TDCAA Senior Appellate Attorney

You can’t have missed them. The Internet, TV, newspapers, case summaries, seminars, our colleagues, and appellate courts have all reported the changes to collecting and introducing confessions. If the law were sold like software, I suppose we would call the changes “upgrades.”

    Between them, the Supreme Court of the United States and the Court of Criminal Appeals have addressed the language of the Fifth Amendment Miranda warnings, the severance of the Fifth Amendment right to counsel, the invocation/waiver of the right to silence, the Siebert “safety valve,” the attachment of the Sixth Amendment right to counsel, the waiver of Miranda warning sufficing for a waiver of the Sixth Amendment right to counsel, the content of jury instructions, and when deception and trickery during interrogation overreaches. In so doing, they have made the law more pragmatic and crafted more precise rules where only broad, ill-defined concepts once existed. Law enforcement officers and practitioners alike will benefit not only from the ready ability to apply the law but also from a decline in the availability and number of appellate challenges. This largely newfound clarity in the law will assist prosecutors in working with confessions. So let’s gather up what we have been hearing and seeing, connect the dots, and look at the big picture.

Miranda ­warnings

Since the Supreme Court handed down Miranda in 1966, numerous decisions have looked at the language of the prophylactic warnings. To what extent must law enforcement officers follow a precise script when giving the Miranda warnings? The Supreme Court recently revisited this issue and reminded us that the words used are not as critical as the message conveyed. This is not novel law, but it is a timely restatement of important law.
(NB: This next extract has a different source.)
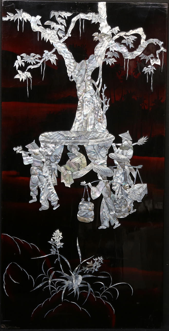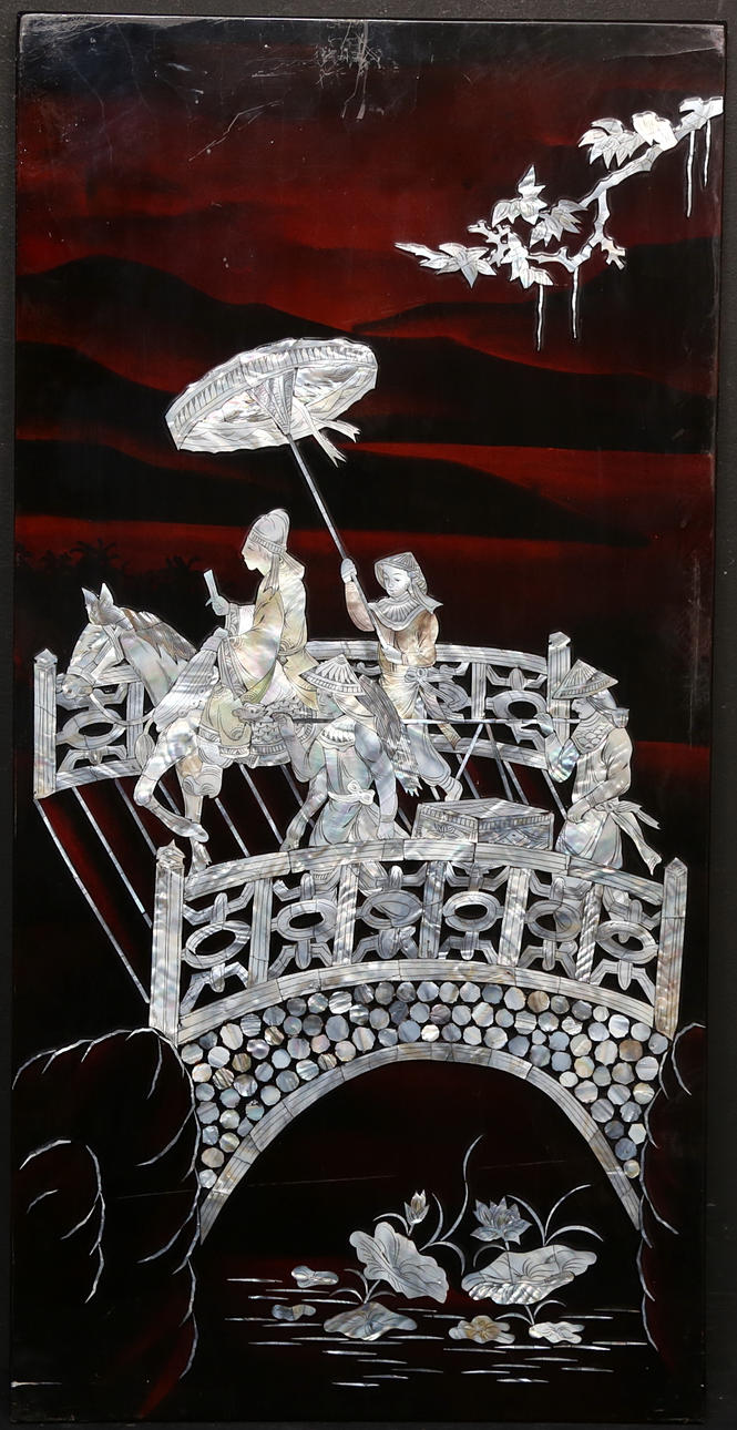 Varnish with mother-of-pearl imitation.39x79 cm. Condition Injuries. 340727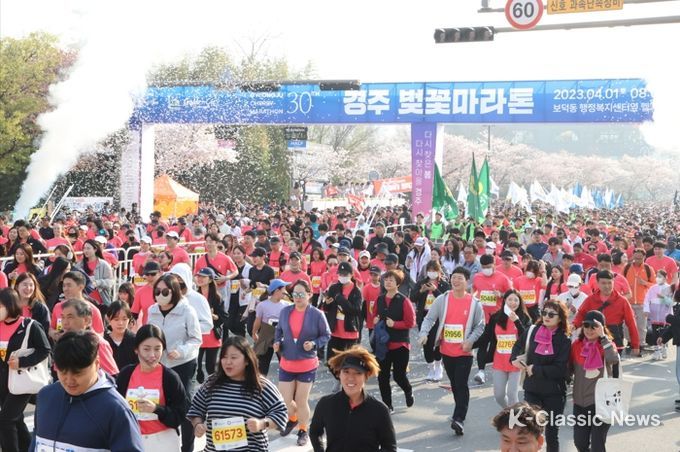 K-Classic News 이호민 기자 | 봄 정취가 한껏 무르익어가는 벚꽃 시즌, 전국에서 가장 아름다운 마라톤 코스를 자랑하는 ‘경주벚꽃마라톤대회’가 1일 오전 보문관광단지에서 출발 총성이 울렸다.

    In Powell, the Supreme Court reviewed whether the warnings that a suspect has “the right to talk to a lawyer before answering any of [law enforcement officer’s] questions” and that he can invoke this right “at any time … during the interview” satisfied Miranda’s requirement that a suspect be advised of his right to counsel before and during the questioning.1 In a 7-2 decision the court held that although not manifestly clear, the two sentences sufficed. While the four warnings of Miranda are “invariable” and the FBI warnings “exemplary” and “admirably informative,” the court has never specified the particular words that must be used. The inquiry is simply whether the warnings reasonably convey to a suspect his rights under Miranda.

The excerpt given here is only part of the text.